Exercise description: Omitting the pictures, print every line below exactly as it stands.
--- The data ---
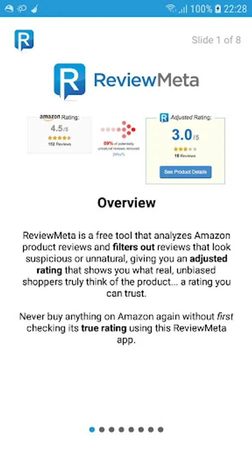 This app is a "must have" for anyone who frequently shops on Amazon. Numerous studies and reports have shown that many of the product reviews on Amazon are fake, biased, incentivized or otherwise unnatural. These reviews skew the product ratings, making it difficult for Amazon shoppers to trust the ratings and reviews.
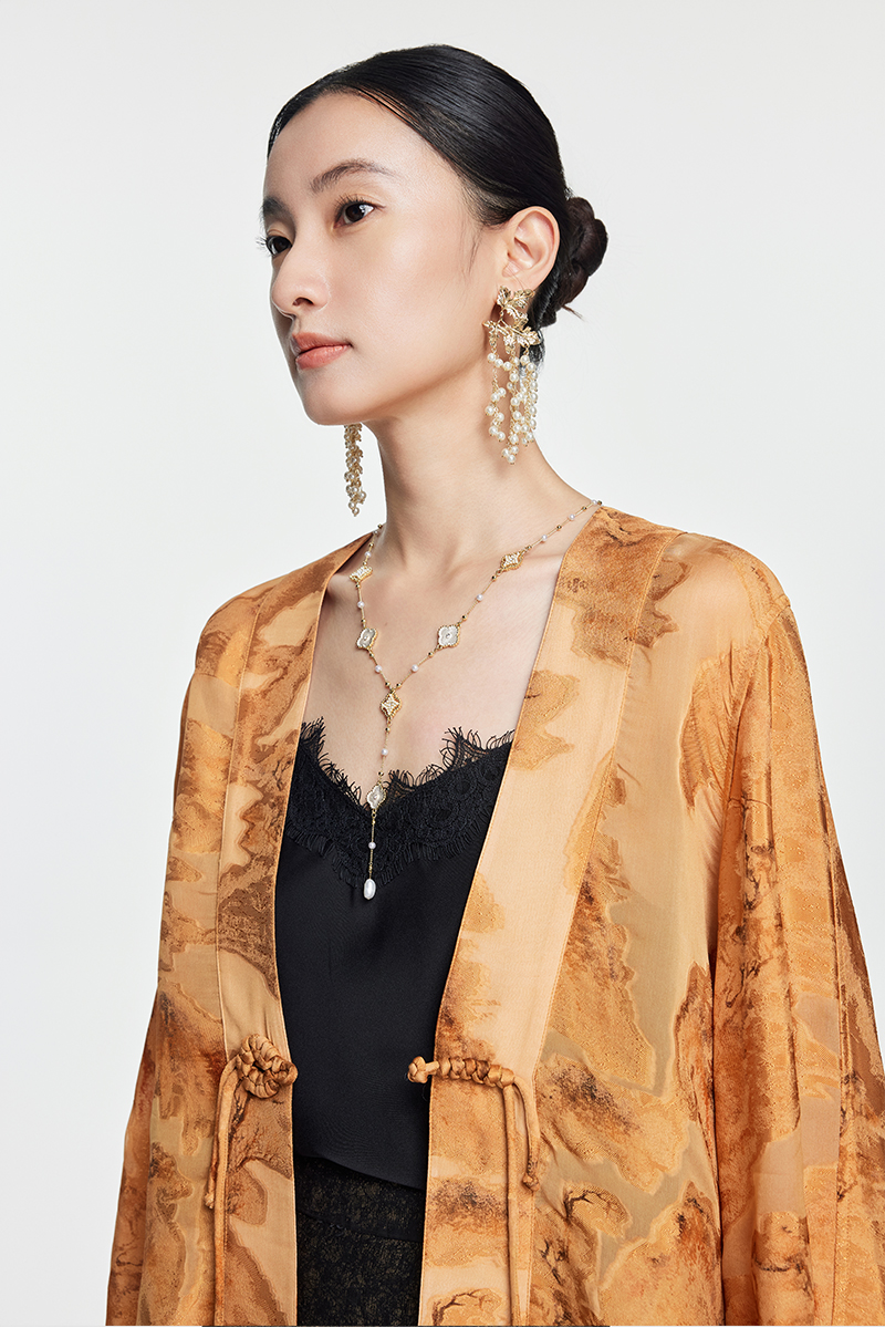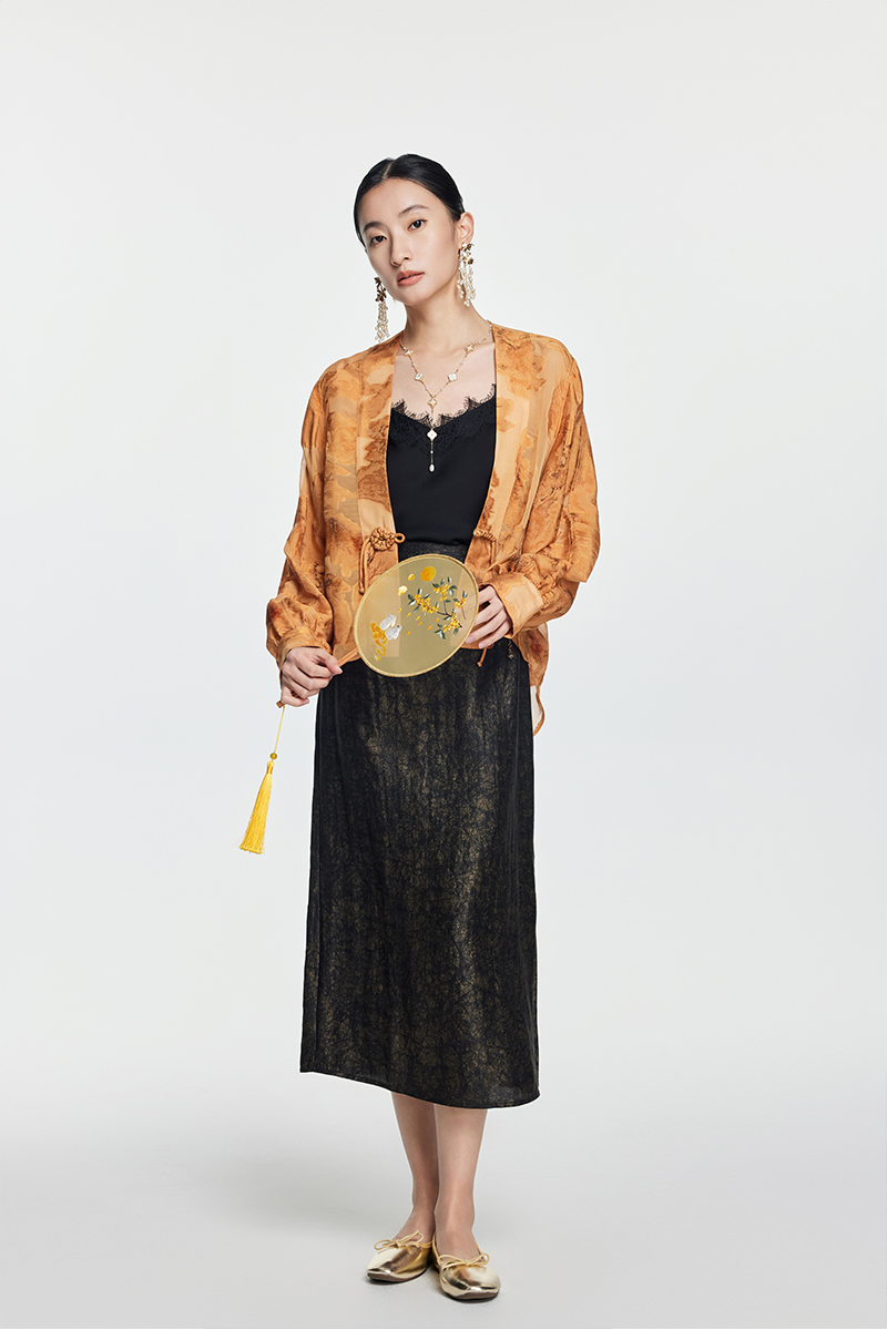 【国风艺术图案】图案灵感来自《潇湘奇观图》,松弛的版型,随着图案的游动变化,如江南的云雾山光,充满着灵动之气,展现女性的气质与涵养。
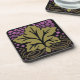 Set of 6 cork-backed coasters features Leslie Sigal Javorek's adaptation of a classic American Craftsman pattern, w/a large single mossy green grape leaf, umber shaded vines, surrounded by masses of grapes in purple orchid gradients, all set on black for dramatic flair. Perfect for your next Wine Tasting Party!
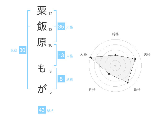 粟飯原 もがさんを姓名の画数から五運を鑑定
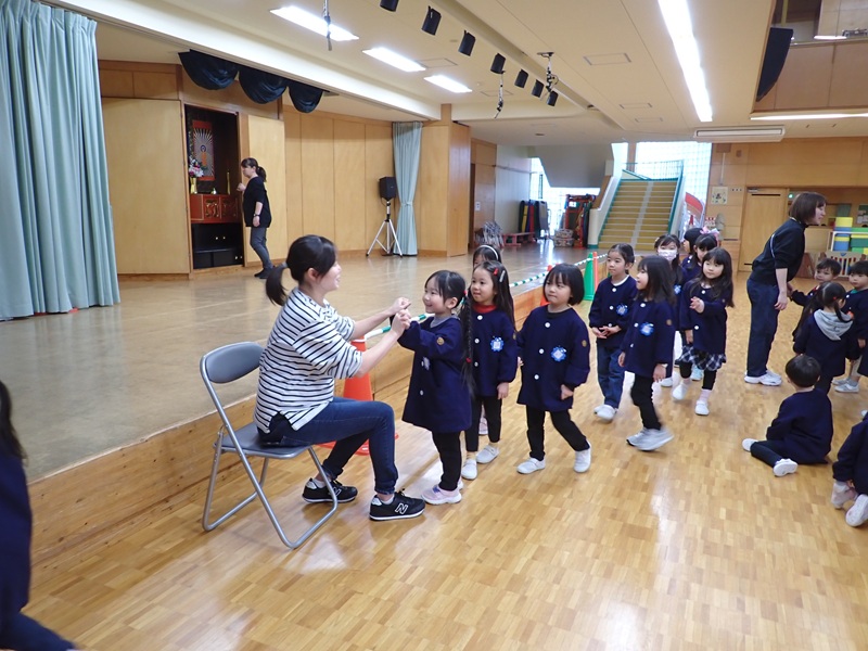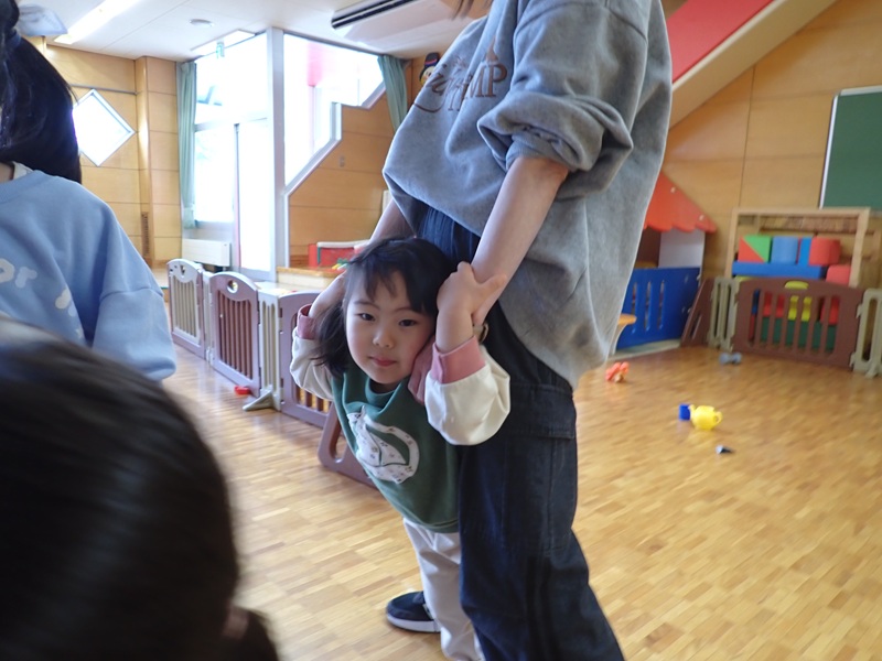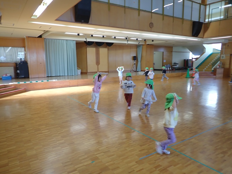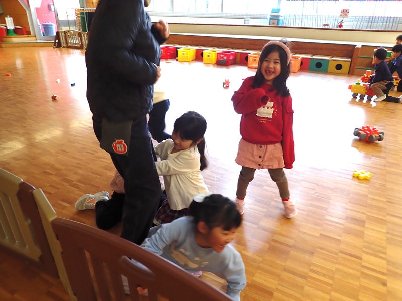 だるまさんが転んだ、手つなぎ鬼をやりました。みんな満面の笑顔で、おもいっきり楽しんでいました。
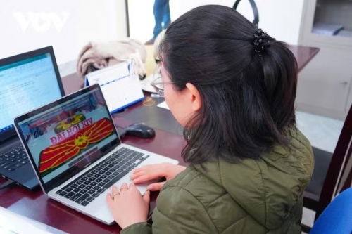 Cán bộ Dịch vụ sự nghiệp công phường Ái Quốc (TP Hải Phòng) biên tập bản tin về Đại hội Đảng toàn quốc lần thứ XIV để phát sóng, thông tin đến nhân dân địa phương. |
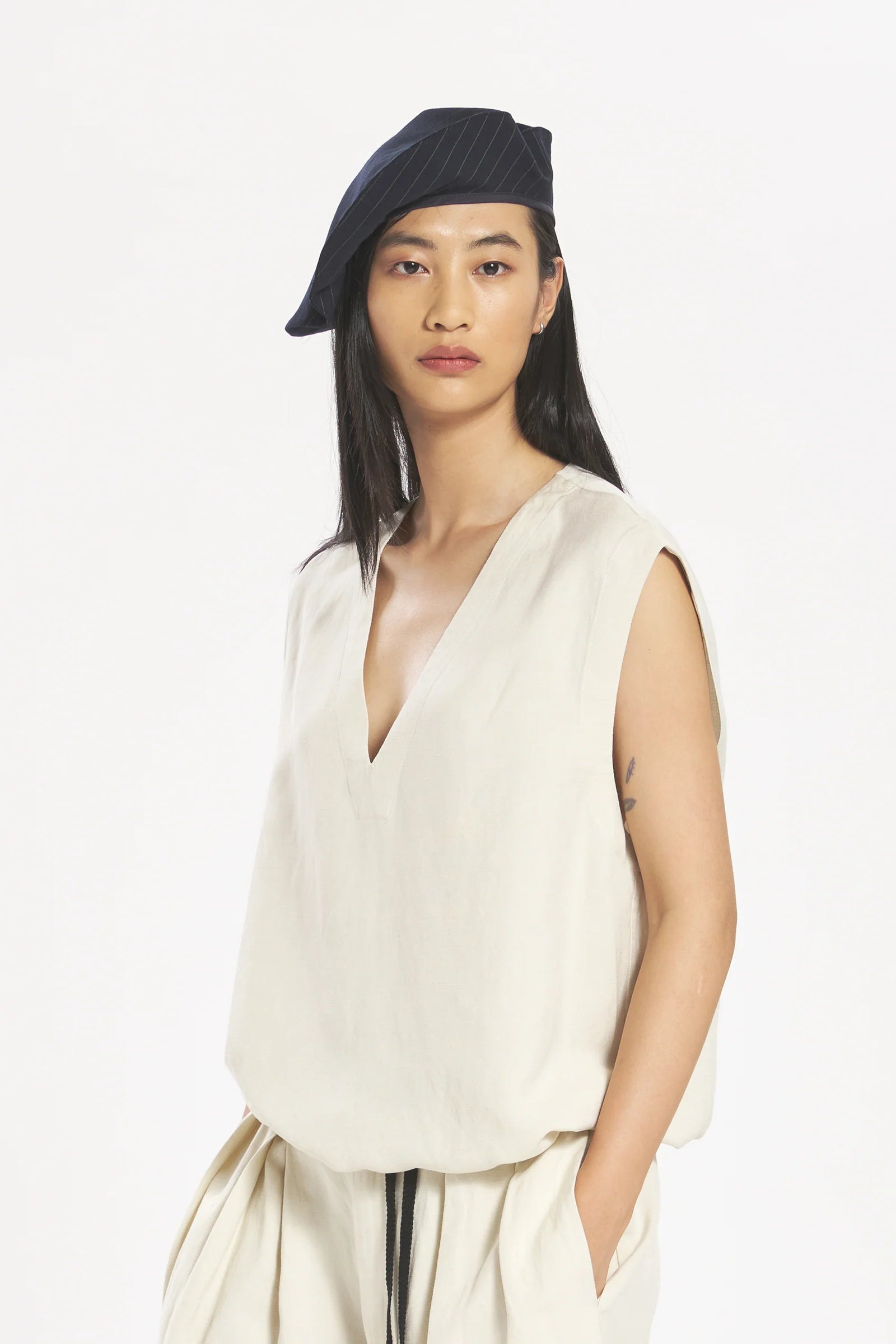 Light, fluid linen–viscose canvas shapes this relaxed V-neck sleeveless top, complete with an inner adjustable drawstring at the hem. Composition: 70% Viscose, 30% Linen
---
Exercise result:
 This app is a "must have" for anyone who frequently shops on Amazon. Numerous studies and reports have shown that many of the product reviews on Amazon are fake, biased, incentivized or otherwise unnatural. These reviews skew the product ratings, making it difficult for Amazon shoppers to trust the ratings and reviews.
 【国风艺术图案】图案灵感来自《潇湘奇观图》,松弛的版型,随着图案的游动变化,如江南的云雾山光,充满着灵动之气,展现女性的气质与涵养。
 Set of 6 cork-backed coasters features Leslie Sigal Javorek's adaptation of a classic American Craftsman pattern, w/a large single mossy green grape leaf, umber shaded vines, surrounded by masses of grapes in purple orchid gradients, all set on black for dramatic flair. Perfect for your next Wine Tasting Party!
 粟飯原 もがさんを姓名の画数から五運を鑑定
 だるまさんが転んだ、手つなぎ鬼をやりました。みんな満面の笑顔で、おもいっきり楽しんでいました。
 Cán bộ Dịch vụ sự nghiệp công phường Ái Quốc (TP Hải Phòng) biên tập bản tin về Đại hội Đảng toàn quốc lần thứ XIV để phát sóng, thông tin đến nhân dân địa phương. |
 Light, fluid linen–viscose canvas shapes this relaxed V-neck sleeveless top, complete with an inner adjustable drawstring at the hem. Composition: 70% Viscose, 30% Linen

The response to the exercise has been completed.